During a tour of a Ford plant in May, Trump claimed that he wore a mask on parts of the tour but not in front of photographers, explaining that he “didn’t want to give the press the pleasure of seeing it.” He has also suggested that some Americans wore masks to signal their disapproval of him, and that masks may make people behave more irresponsibly.
On May 26, Trump shared a tweet mocking presumptive Democratic presidential nominee Joe Biden for wearing a mask in public, then claimed he wasn’t criticizing him amid the ensuing backlash, then said he thought Biden wearing a mask was “unusual” and suggested a reporter was keeping their mask on because they wanted to be “politically correct.” Trump also had the largest, most public parts of next month’s Republican National Convention moved from Charlotte, North Carolina, to Jacksonville, Florida, after balking at the likelihood that attendees would be required to practice social distancing and wear masks in North Carolina. But that decision has already backfired now that Jacksonville has mandated mask-wearing amid Florida’s uncontrolled coronavirus outbreak.
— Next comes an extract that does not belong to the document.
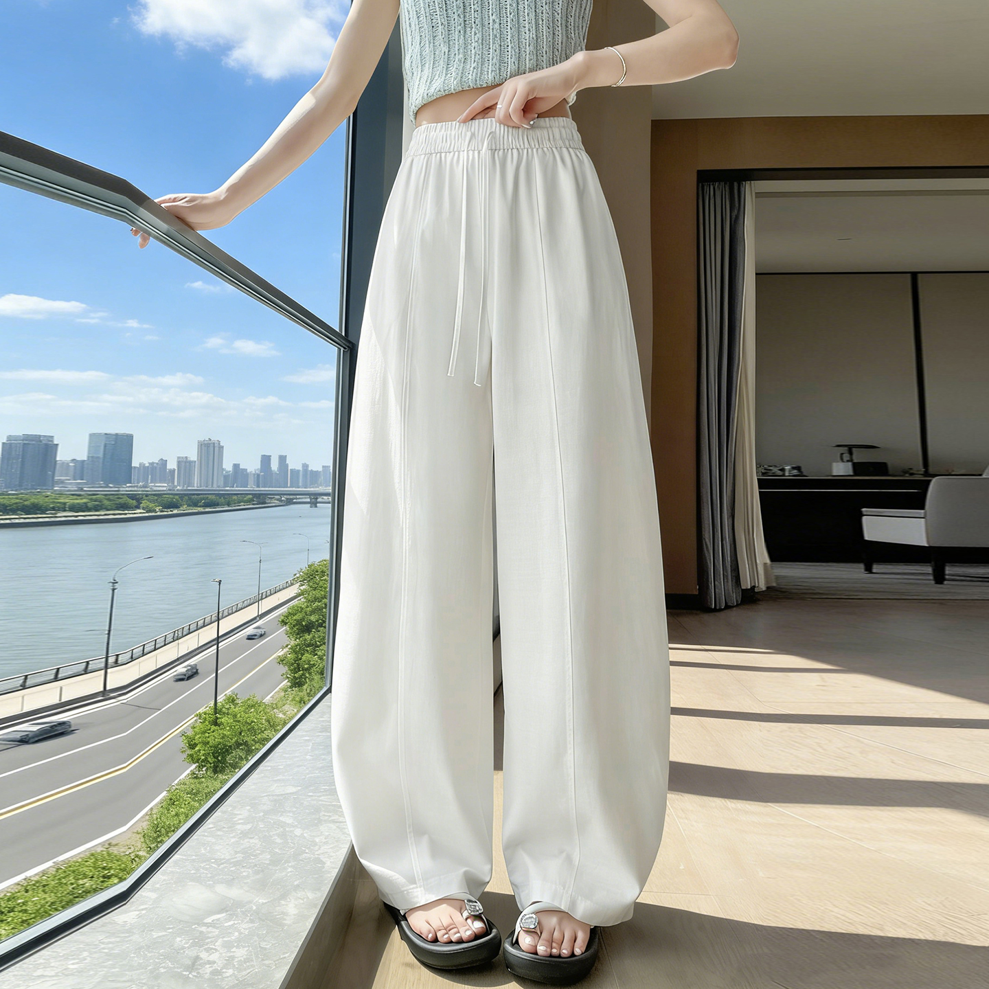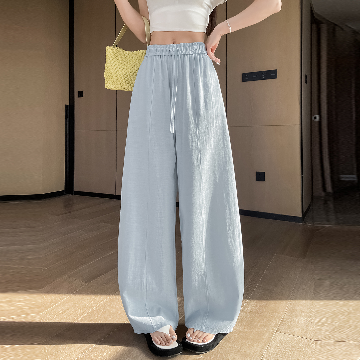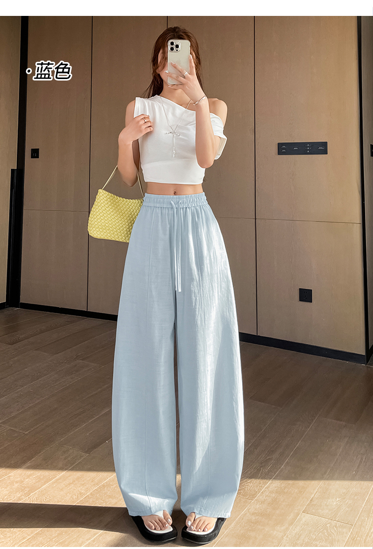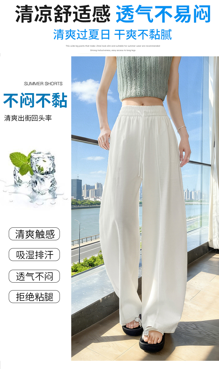 실사 얼음 실크 정장 와이드 레깅스 바지 2026 여름 하이웨이스트 루즈핏 스트레이트 슬림해 보이는 도루 센스 캐주얼 바닥 청소 바지

Ahead of Saturday, Trump has not personally encouraged the use of masks on social media and has not required them at his ill-advised indoor events during the pandemic — even after members of his administration, campaign staff, and the Secret Service have tested positive for COVID-19. The president has also reportedly told advisers that promoting mask use would counteract his and his administration’s efforts to downplay the threat of the pandemic and talk up the reopening of the country — which so far has been a disastrous failure. On Friday, Politico reported that social distancing and mask-wearing have not been practiced in the Trump campaign’s headquarters either, with one staffer commenting that, “You get made fun of, if you wear a mask — there’s social pressure not to do it.”
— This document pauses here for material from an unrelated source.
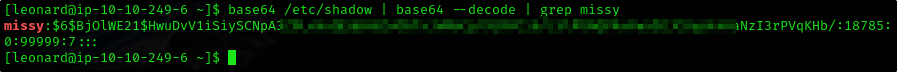 base64 /etc/shadow | base64 --decode | grep missy

And Trump’s son, Donald Jr., has shared a meme on social media ridiculing the effectiveness of wearing a mask. (He is currently in self-quarantine after his girlfriend, Kimberly Guilfoyle, recently tested positive for COVID-19.)
On Friday, Trump said he would wear a mask during his visit to Walter Reed, following weeks of intensifying criticism and calls for him to don a mask not just from public health officials, but from his advisors, Republican leaders, and even hosts on Fox News. The pressure worked, though Trump only conceded that it was a good idea for him to wear a mask because he would be inside a hospital — thus downplaying the effectiveness and importance of masks in other circumstances.
Hopefully, the sight of the Maskophobe-in-Chief wearing a mask will now convince more Americans, and more Trump supporters in particular, to drop their own resistance. That would surely save lives. Some members of the Trump campaign, meanwhile, seem to think that the president’s new mask will also boost his struggling reelection bid:
But when it comes to selling any newfound seriousness from Trump about the pandemic, the president and his campaign only have 115 days to convince voters to forget what they’ve seen over the last 99. Whatever happens, the good news is that at long last, Donald Trump has become the kind of president who can be pressured into following basic CDC guidelines, inside a veterans hospital, more than three months late, amid a historic and destabilizing public-health crisis for which there is no end in sight.